[[ LISTED ENTRIES open ]]
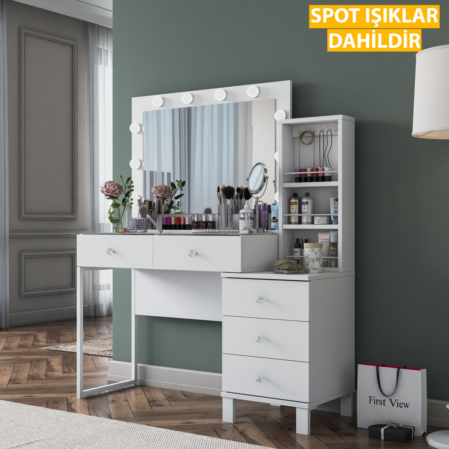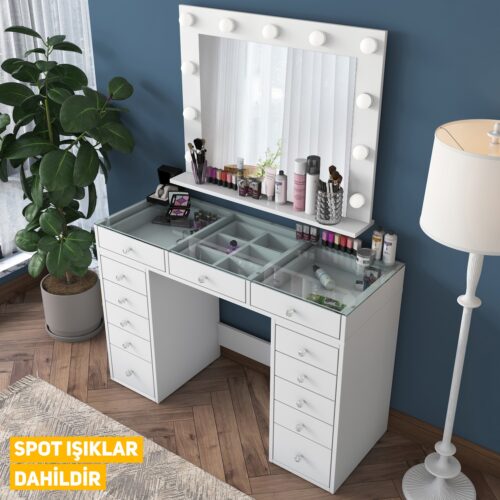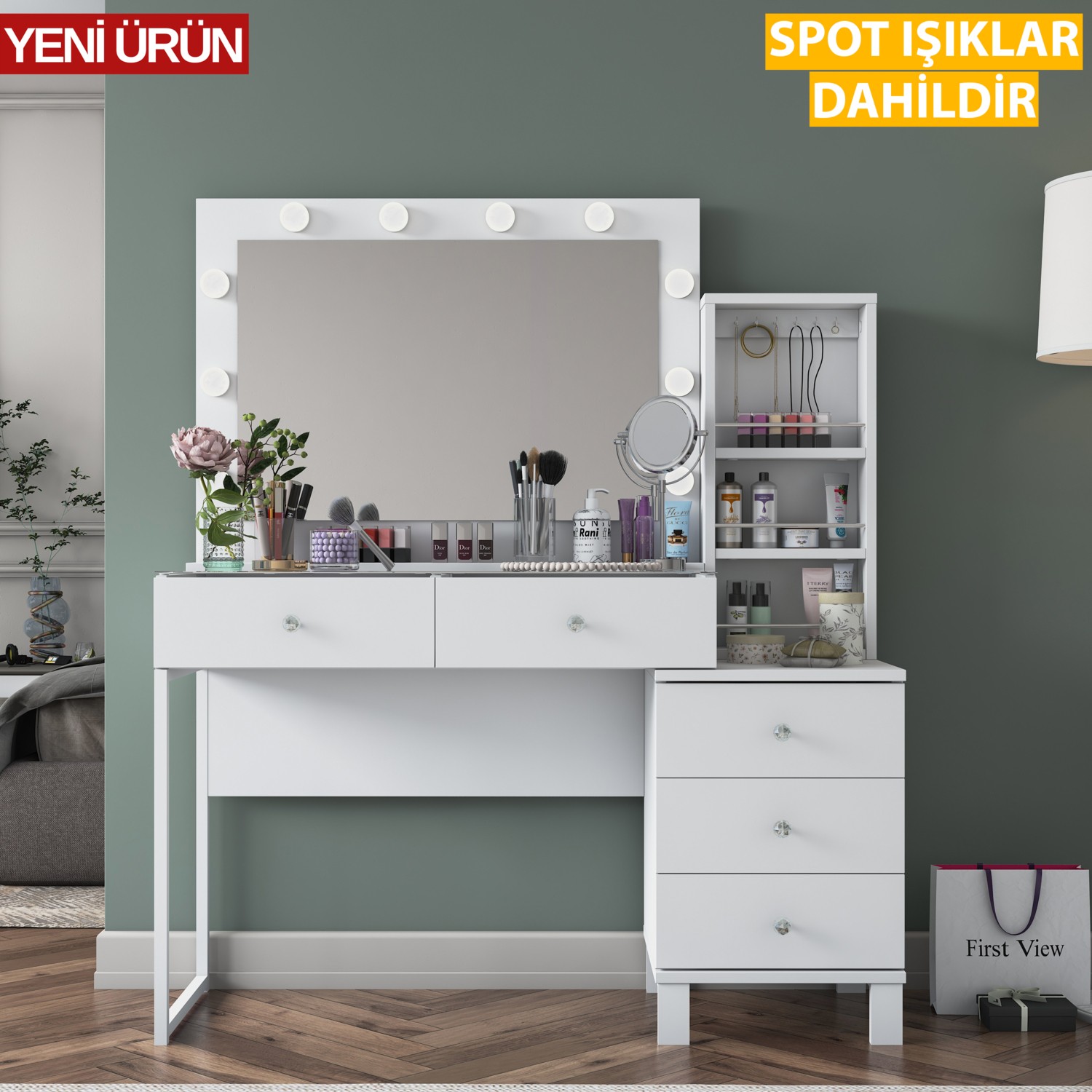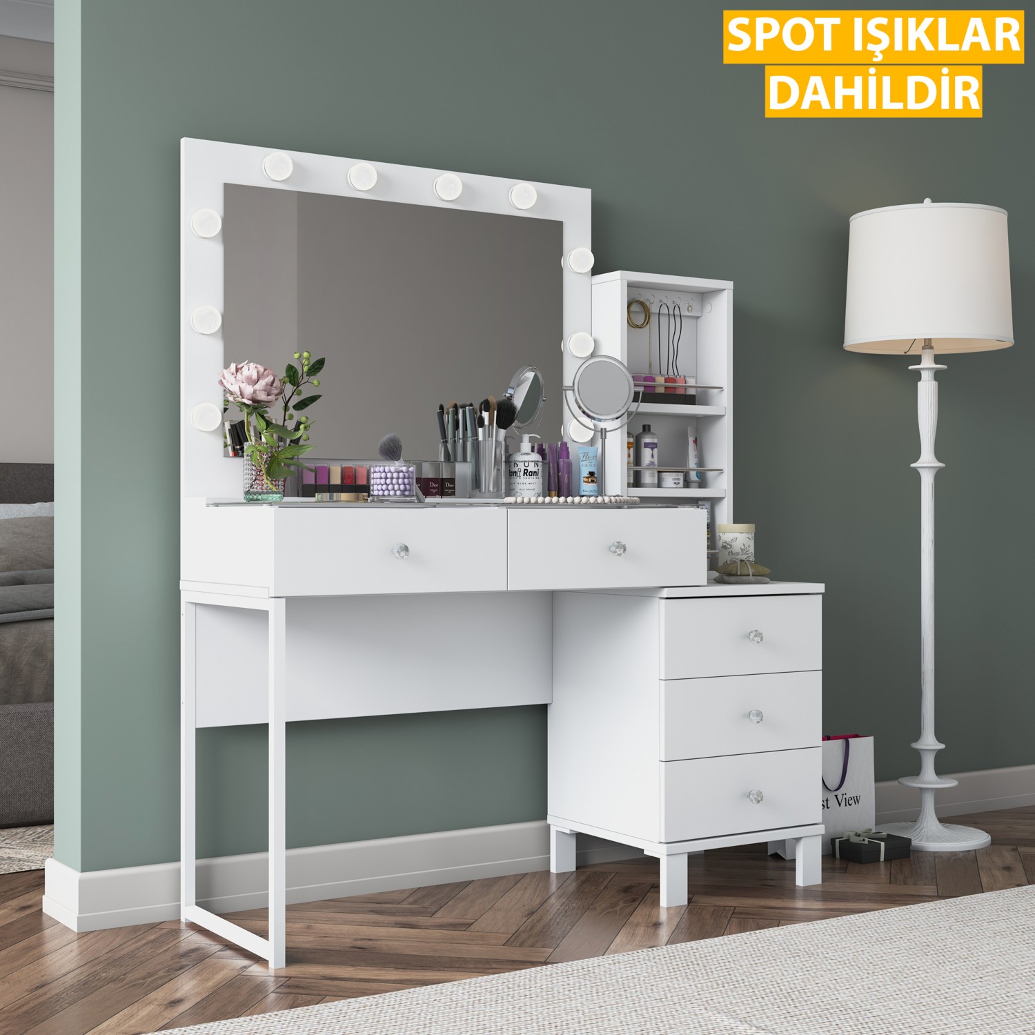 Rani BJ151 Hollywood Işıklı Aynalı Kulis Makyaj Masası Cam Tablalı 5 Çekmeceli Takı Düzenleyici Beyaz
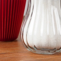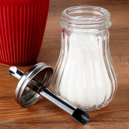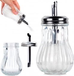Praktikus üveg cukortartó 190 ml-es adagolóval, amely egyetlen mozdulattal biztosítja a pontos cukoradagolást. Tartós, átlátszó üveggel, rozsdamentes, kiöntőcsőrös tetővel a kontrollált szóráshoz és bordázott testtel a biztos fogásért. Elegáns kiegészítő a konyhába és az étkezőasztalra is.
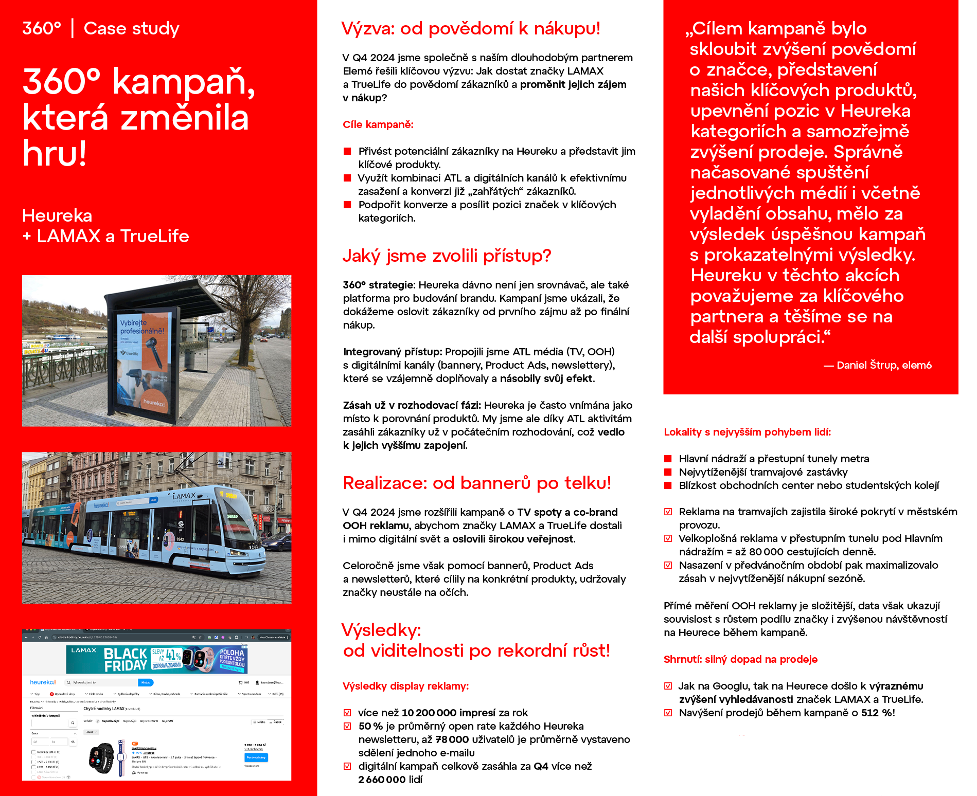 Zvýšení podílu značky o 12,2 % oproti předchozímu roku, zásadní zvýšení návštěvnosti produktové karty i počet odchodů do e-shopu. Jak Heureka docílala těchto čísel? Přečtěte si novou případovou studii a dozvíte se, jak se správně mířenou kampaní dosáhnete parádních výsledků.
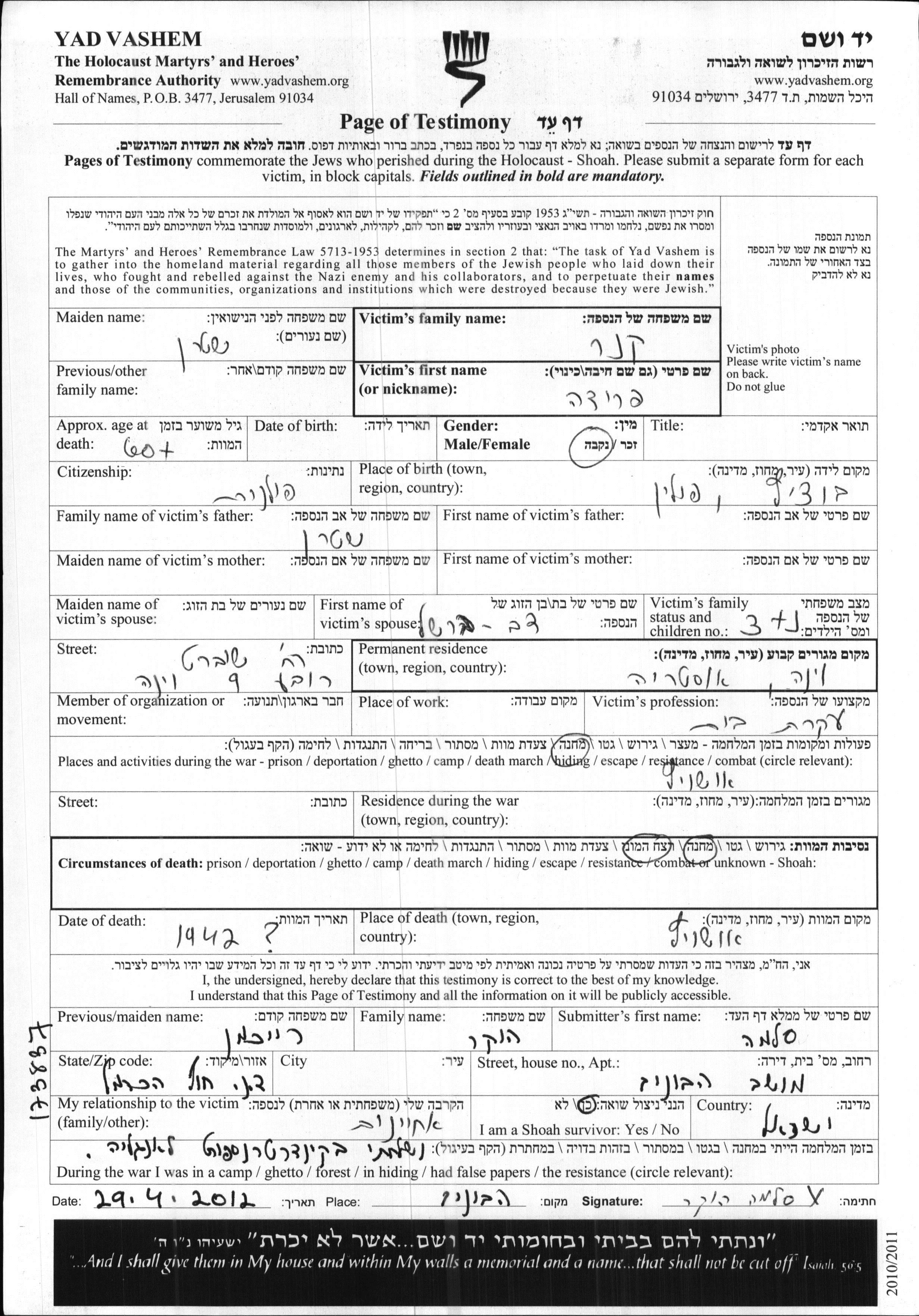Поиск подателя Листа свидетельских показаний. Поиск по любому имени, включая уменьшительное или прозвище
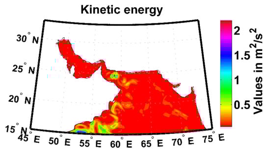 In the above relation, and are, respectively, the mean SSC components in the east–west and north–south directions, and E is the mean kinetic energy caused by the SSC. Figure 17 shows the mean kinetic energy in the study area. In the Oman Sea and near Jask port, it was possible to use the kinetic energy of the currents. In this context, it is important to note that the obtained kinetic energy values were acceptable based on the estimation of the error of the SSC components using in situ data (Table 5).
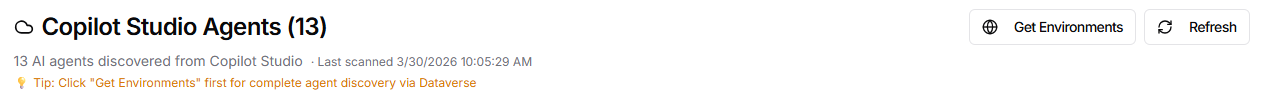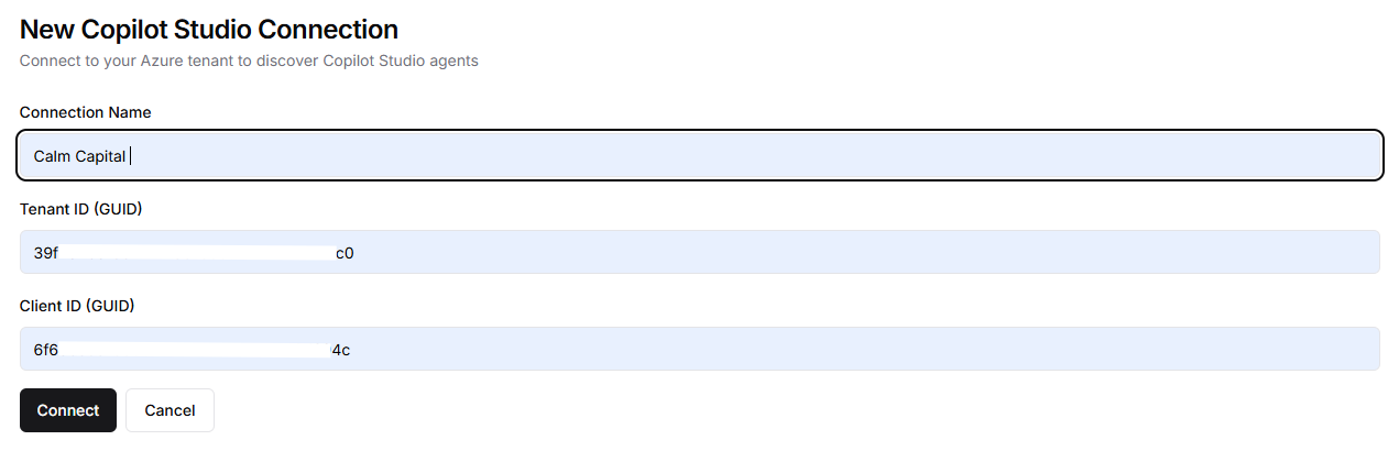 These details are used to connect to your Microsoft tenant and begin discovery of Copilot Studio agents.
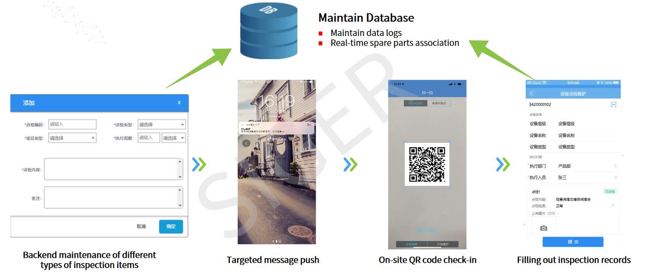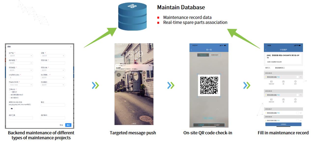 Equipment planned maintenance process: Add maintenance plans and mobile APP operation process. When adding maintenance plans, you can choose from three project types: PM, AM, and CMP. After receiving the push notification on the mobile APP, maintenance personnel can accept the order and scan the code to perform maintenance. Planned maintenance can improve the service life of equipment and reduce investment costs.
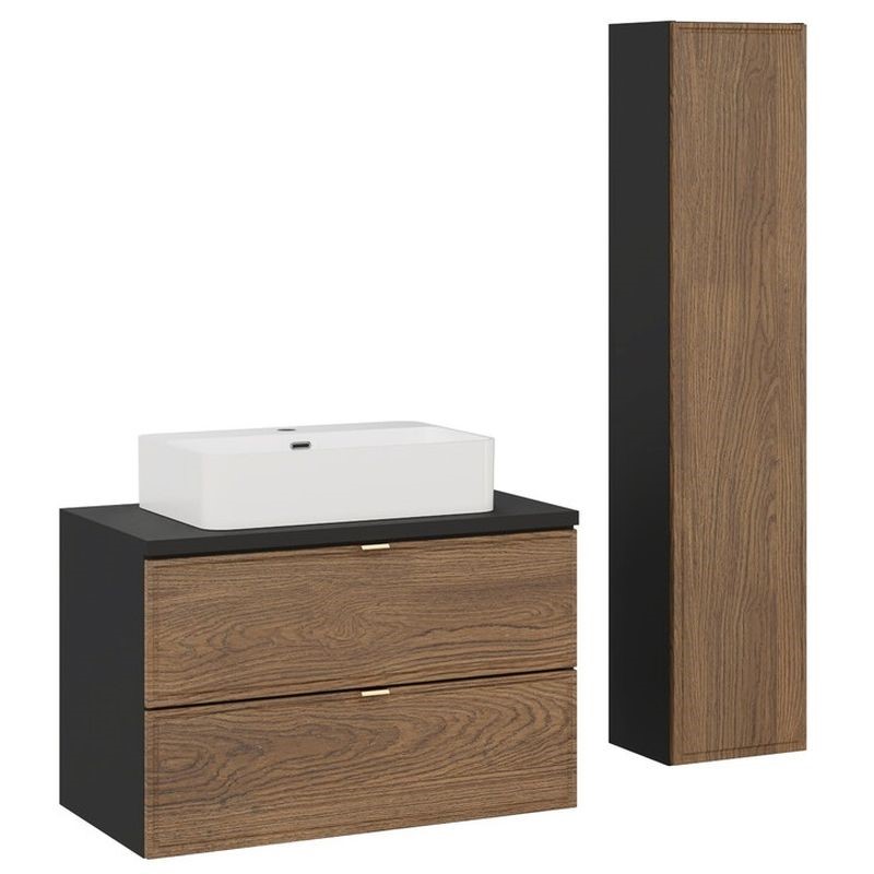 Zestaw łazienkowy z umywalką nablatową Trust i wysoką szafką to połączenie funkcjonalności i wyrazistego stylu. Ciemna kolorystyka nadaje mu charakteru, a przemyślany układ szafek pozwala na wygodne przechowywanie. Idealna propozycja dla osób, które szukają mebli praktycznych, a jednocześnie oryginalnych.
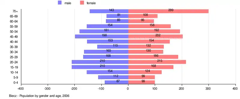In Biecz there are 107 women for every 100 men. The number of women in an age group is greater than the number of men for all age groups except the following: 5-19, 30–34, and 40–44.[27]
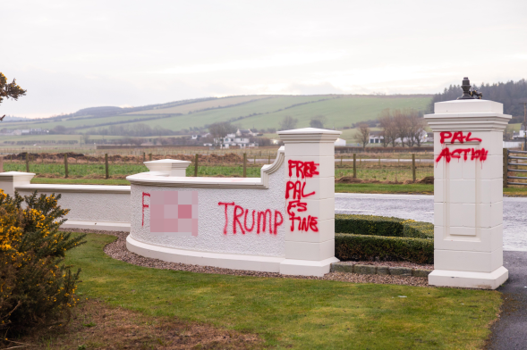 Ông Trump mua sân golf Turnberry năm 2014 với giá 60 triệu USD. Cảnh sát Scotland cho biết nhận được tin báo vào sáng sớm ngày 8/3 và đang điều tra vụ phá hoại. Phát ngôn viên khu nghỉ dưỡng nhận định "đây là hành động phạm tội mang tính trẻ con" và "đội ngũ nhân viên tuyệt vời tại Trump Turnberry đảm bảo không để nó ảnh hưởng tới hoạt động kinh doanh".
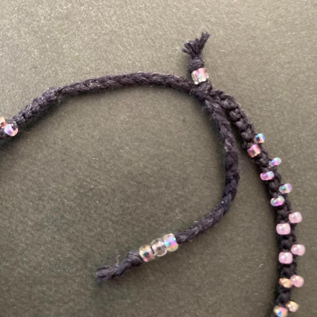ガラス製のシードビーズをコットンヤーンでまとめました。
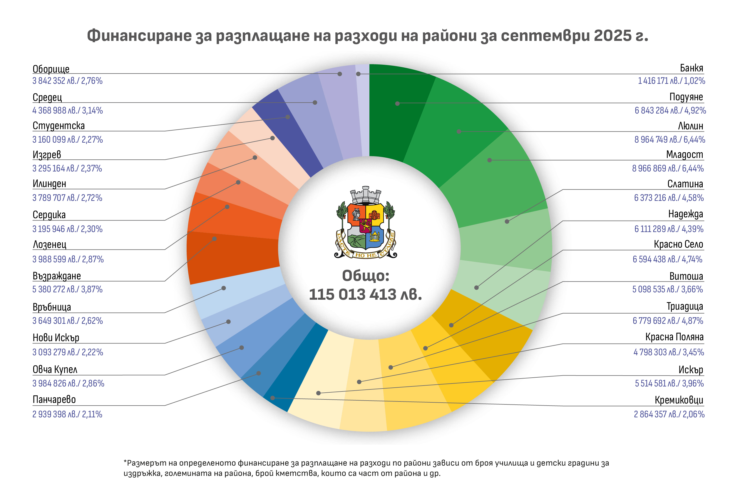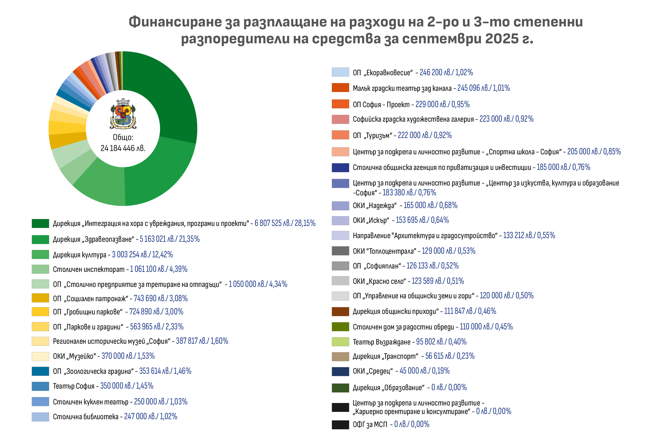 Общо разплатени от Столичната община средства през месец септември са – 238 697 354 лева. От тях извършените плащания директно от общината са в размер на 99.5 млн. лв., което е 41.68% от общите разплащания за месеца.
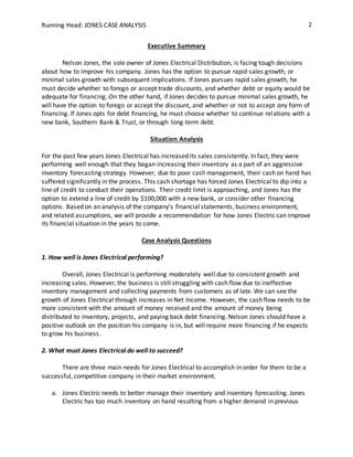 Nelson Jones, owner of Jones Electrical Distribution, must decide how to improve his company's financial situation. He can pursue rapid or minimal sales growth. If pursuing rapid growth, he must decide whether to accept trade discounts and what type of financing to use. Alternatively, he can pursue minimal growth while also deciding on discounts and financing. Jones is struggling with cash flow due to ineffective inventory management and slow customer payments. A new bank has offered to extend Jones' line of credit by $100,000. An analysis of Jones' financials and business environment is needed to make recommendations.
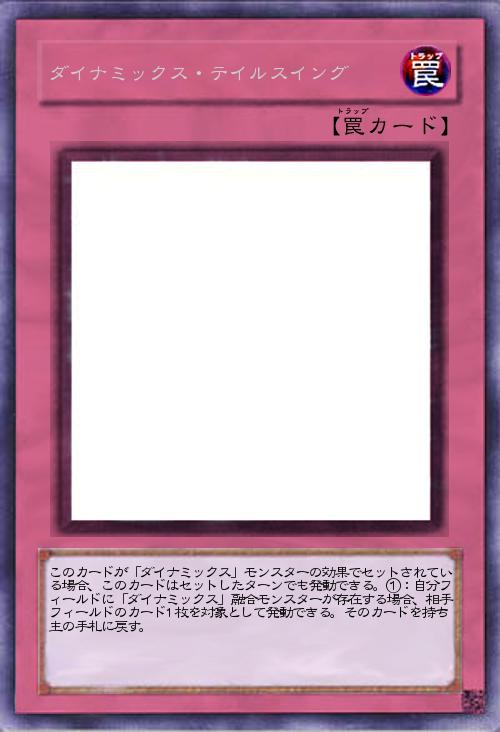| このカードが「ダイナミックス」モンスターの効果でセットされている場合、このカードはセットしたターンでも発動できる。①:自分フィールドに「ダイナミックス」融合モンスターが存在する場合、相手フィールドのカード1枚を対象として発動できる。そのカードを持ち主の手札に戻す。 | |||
[[ LISTED ENTRIES closed ]]
TO DO - What you give back should be exactly the lines from the top of the data above down to and including the line with "Поиск подателя Листа", minus any pictures.

SOLUTION TO THIS PROBLEM -
 Rani BJ151 Hollywood Işıklı Aynalı Kulis Makyaj Masası Cam Tablalı 5 Çekmeceli Takı Düzenleyici Beyaz
Praktikus üveg cukortartó 190 ml-es adagolóval, amely egyetlen mozdulattal biztosítja a pontos cukoradagolást. Tartós, átlátszó üveggel, rozsdamentes, kiöntőcsőrös tetővel a kontrollált szóráshoz és bordázott testtel a biztos fogásért. Elegáns kiegészítő a konyhába és az étkezőasztalra is.
 Zvýšení podílu značky o 12,2 % oproti předchozímu roku, zásadní zvýšení návštěvnosti produktové karty i počet odchodů do e-shopu. Jak Heureka docílala těchto čísel? Přečtěte si novou případovou studii a dozvíte se, jak se správně mířenou kampaní dosáhnete parádních výsledků.
Поиск подателя Листа свидетельских показаний. Поиск по любому имени, включая уменьшительное или прозвище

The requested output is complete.